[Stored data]

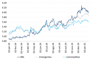 Depois da forte depreciação observada no ano passado, temos observado certa descompressão do cenário cambial nas primeiras semanas de 2025. Há tanto fatores globais como locais em operação, no que parece ser uma “acomodação” dos excessos ocorridos ao final de 2024.
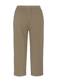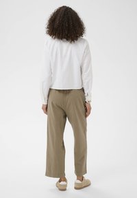 Personne portant un pantalon ample vert olive avec taille élastique et des baskets beiges, debout devant un fond blanc uni.
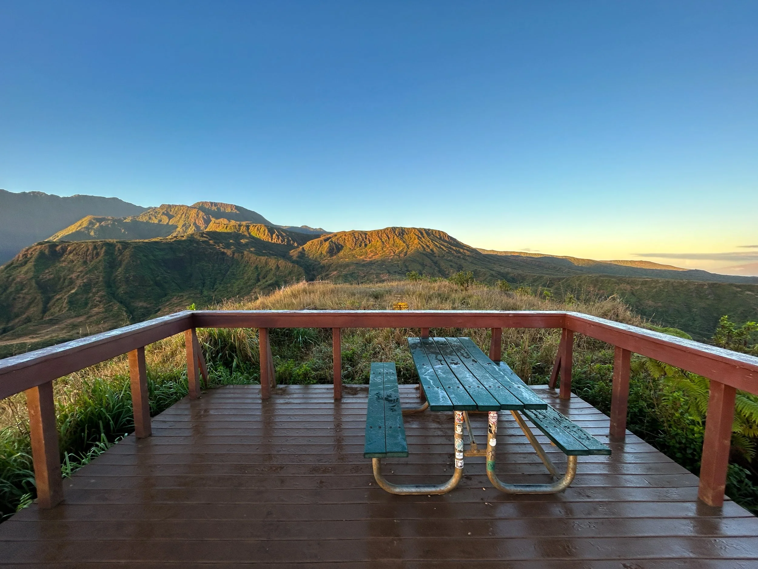 That said, the summit is only about halfway up the West Maui Mountains (Puʻu Kukui), but on a clear day, like in the sunrise photo below, hikers can get amazing views of Waiheʻe Valley, Keahikauō (the circular summit closest to the platform), and ʻEke Crater, one of the most prominent volcanic landmarks on the northeast side of the watershed.
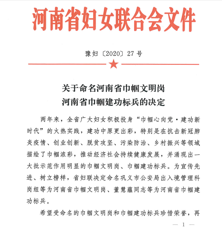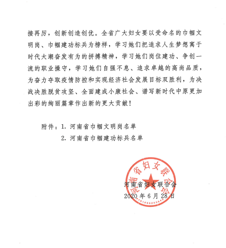 日前,从河南省妇女联合会传来喜讯,金年会妇联被评选为“河南省巾帼文明岗”称号。据悉,此次评选的“河南省巾帼文明岗”“河南省巾帼建功标兵”是两年来,全省广大妇女积极投身“巾帼心向党 建功新时代”的火热实践,特别是在抗击新冠肺炎疫情、创业创新、脱贫攻坚、污染防止、乡村振兴等领域中涌现出的一批示范作用明显的巾帼英雄,她们描绘了巾帼浓彩,推动了经济社会持续健康发展。
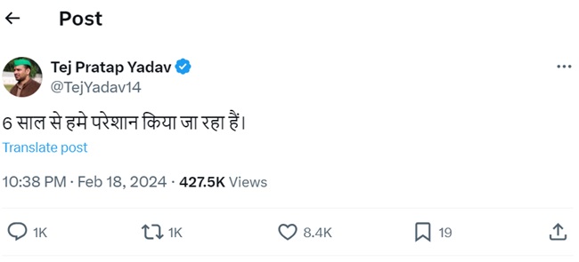 Bihar Politics बिहार में नीतीश कुमार के पाला बदलने के बाद जहां आरजेडी लोकसभा चुनाव में एनडीए सरकार को टक्कर देने के लिए अलग-अलग तरह की योजना बना रही है वहीं लालू के बड़े लाल तेजप्रताप के आज की एक पोस्ट ने कई सवाल खड़े कर दिए हैं। लालू के लाल ने ट्वीट कर कहा कि उन्हें 6 साल से परेशान किया जा रहा है।
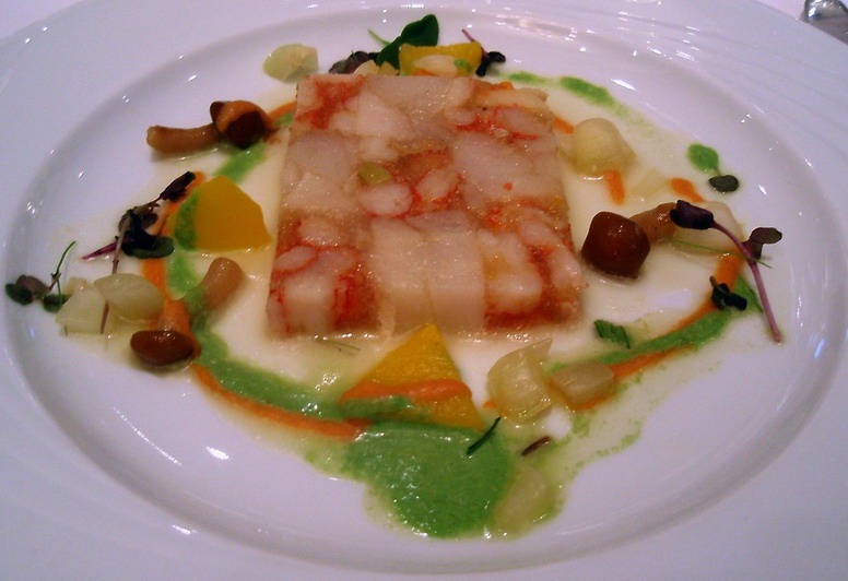 Balatoni fogas és folyami rák terrine, halkivonat mártással és benne gőzölt zöldségekkel (Somlai Tamás, Apetito Restaurant & Café)
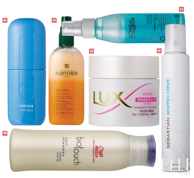 1 샤인 웨이브 듀얼 에센스. 125ml. 2만2천원. 로레알 프로페셔널 파리. 2 우노 포그 바 블루. 100ml. 1만2천원. 시세이도. 3 오카라 프로텍트 컬러 2 페이스. 150ml. 3만9천원. 르네 휘테르. 4 프리미엄 스타일링 내추럴 웨이브 왁스. 70g. 1만4천원대. 럭스. 5 바이오터치 컬 샴푸. 250ml. 1만원대. 웰라. 6 무스 타입 트리트먼트 윕크림. 150ml. 3만원대. 세바스챤 프로페셔날.
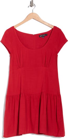 Subtle ruching under the bust and along the tier enhances the playful charm of this drop-waist minidress.

▶ **Exercise brief**: The response consists of the data above printed line for line, with no pictures.

▶ **Written reply**:
 Depois da forte depreciação observada no ano passado, temos observado certa descompressão do cenário cambial nas primeiras semanas de 2025. Há tanto fatores globais como locais em operação, no que parece ser uma “acomodação” dos excessos ocorridos ao final de 2024.
 Personne portant un pantalon ample vert olive avec taille élastique et des baskets beiges, debout devant un fond blanc uni.
 That said, the summit is only about halfway up the West Maui Mountains (Puʻu Kukui), but on a clear day, like in the sunrise photo below, hikers can get amazing views of Waiheʻe Valley, Keahikauō (the circular summit closest to the platform), and ʻEke Crater, one of the most prominent volcanic landmarks on the northeast side of the watershed.
 日前,从河南省妇女联合会传来喜讯,金年会妇联被评选为“河南省巾帼文明岗”称号。据悉,此次评选的“河南省巾帼文明岗”“河南省巾帼建功标兵”是两年来,全省广大妇女积极投身“巾帼心向党 建功新时代”的火热实践,特别是在抗击新冠肺炎疫情、创业创新、脱贫攻坚、污染防止、乡村振兴等领域中涌现出的一批示范作用明显的巾帼英雄,她们描绘了巾帼浓彩,推动了经济社会持续健康发展。
 Bihar Politics बिहार में नीतीश कुमार के पाला बदलने के बाद जहां आरजेडी लोकसभा चुनाव में एनडीए सरकार को टक्कर देने के लिए अलग-अलग तरह की योजना बना रही है वहीं लालू के बड़े लाल तेजप्रताप के आज की एक पोस्ट ने कई सवाल खड़े कर दिए हैं। लालू के लाल ने ट्वीट कर कहा कि उन्हें 6 साल से परेशान किया जा रहा है।
 Balatoni fogas és folyami rák terrine, halkivonat mártással és benne gőzölt zöldségekkel (Somlai Tamás, Apetito Restaurant & Café)
 1 샤인 웨이브 듀얼 에센스. 125ml. 2만2천원. 로레알 프로페셔널 파리. 2 우노 포그 바 블루. 100ml. 1만2천원. 시세이도. 3 오카라 프로텍트 컬러 2 페이스. 150ml. 3만9천원. 르네 휘테르. 4 프리미엄 스타일링 내추럴 웨이브 왁스. 70g. 1만4천원대. 럭스. 5 바이오터치 컬 샴푸. 250ml. 1만원대. 웰라. 6 무스 타입 트리트먼트 윕크림. 150ml. 3만원대. 세바스챤 프로페셔날.
 Subtle ruching under the bust and along the tier enhances the playful charm of this drop-waist minidress.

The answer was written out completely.